Mainstream economists recognize the costs of taxation; taxes take money out of people's pockets and distort behavior in ways that can have serious economic costs. But the non-ideologues also recognize that tax revenues can be used to provide government services that make people better off. Good policy is about managing that messy tradeoff.
Mainstream economists recognize that individuals have a pretty good idea of what they want -- but that those same individuals sometimes make systematic errors of judgment, which can lead to things like bubbles and panics.
Mainstream economists recognize that too much regulation can harm innovation and diminish prosperity. But they also recognize that sensible regulation provides information and security, both of which make it much easier to do business with strangers. Regulation also protects third parties from market behavior that has negative spillovers, whether it's the guy who drinks too much at the bar before getting into his car or the paint factory that cuts costs by dumping lead in your drinking water.
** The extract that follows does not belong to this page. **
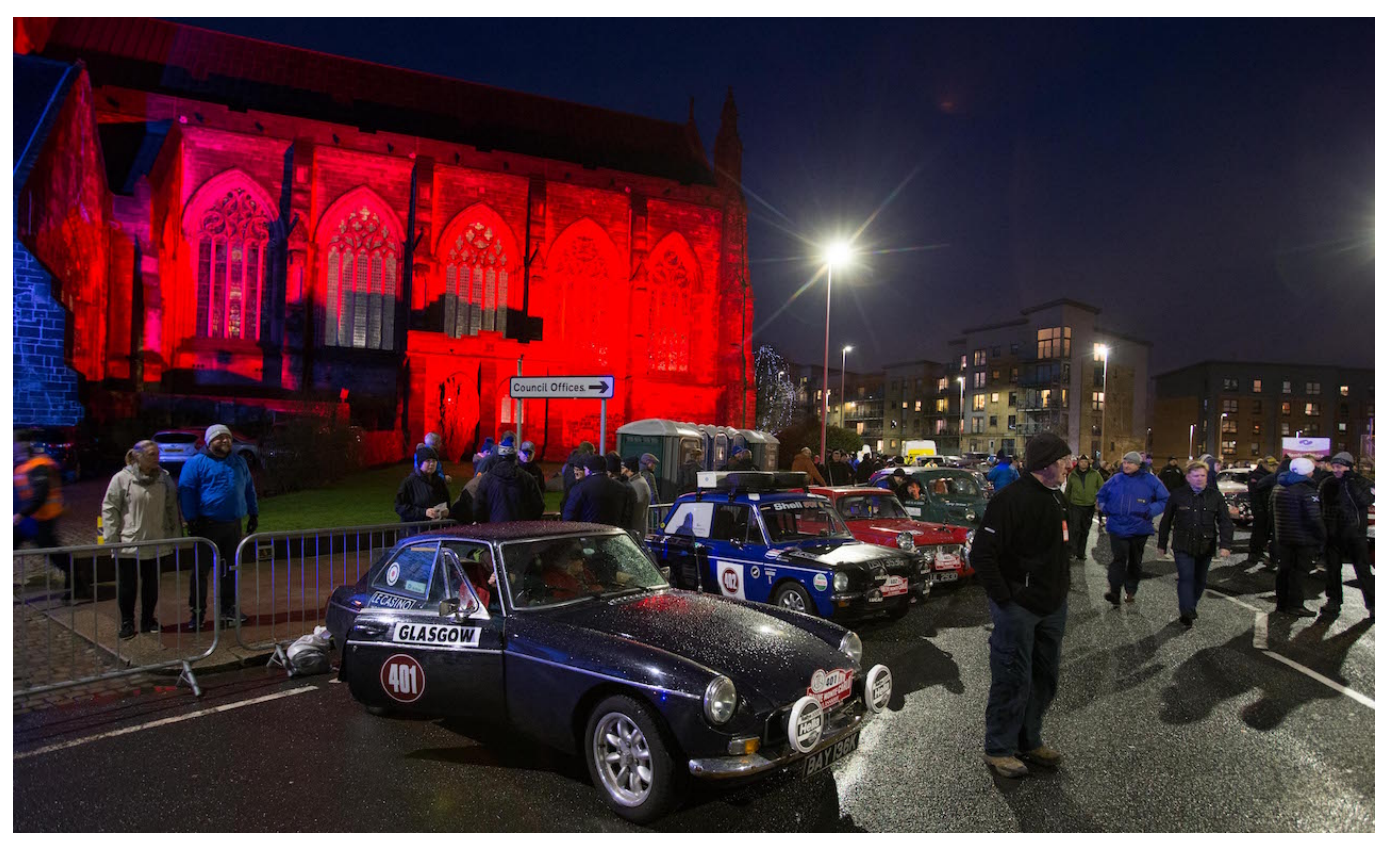
Some of the line-up of entrants line up in front of Paisley Abbey.

A party atmosphere in the centre of Paisley last night (31st January) gave a big send-off to the cars and crews in this year's start of the 2018 historic rally run to Monte Carlo.

A Monument to Self-Interest
There's now a museum in Berlin where visitors can go to see a remnant of the Berlin Wall and learn about the damage done by an overly rigid, poorly conceived ideology.
Maybe there should be some kind of 2008 Meltdown Museum. It would have a large subdivision of homes, all with "for sale" signs out in front. And there would be a quotation from Alan Greenspan inscribed over the arch at the entrance:
"Those of us who have looked to the self-interest of lending institutions to protect shareholders' equity, myself included, are in a state of shocked disbelief."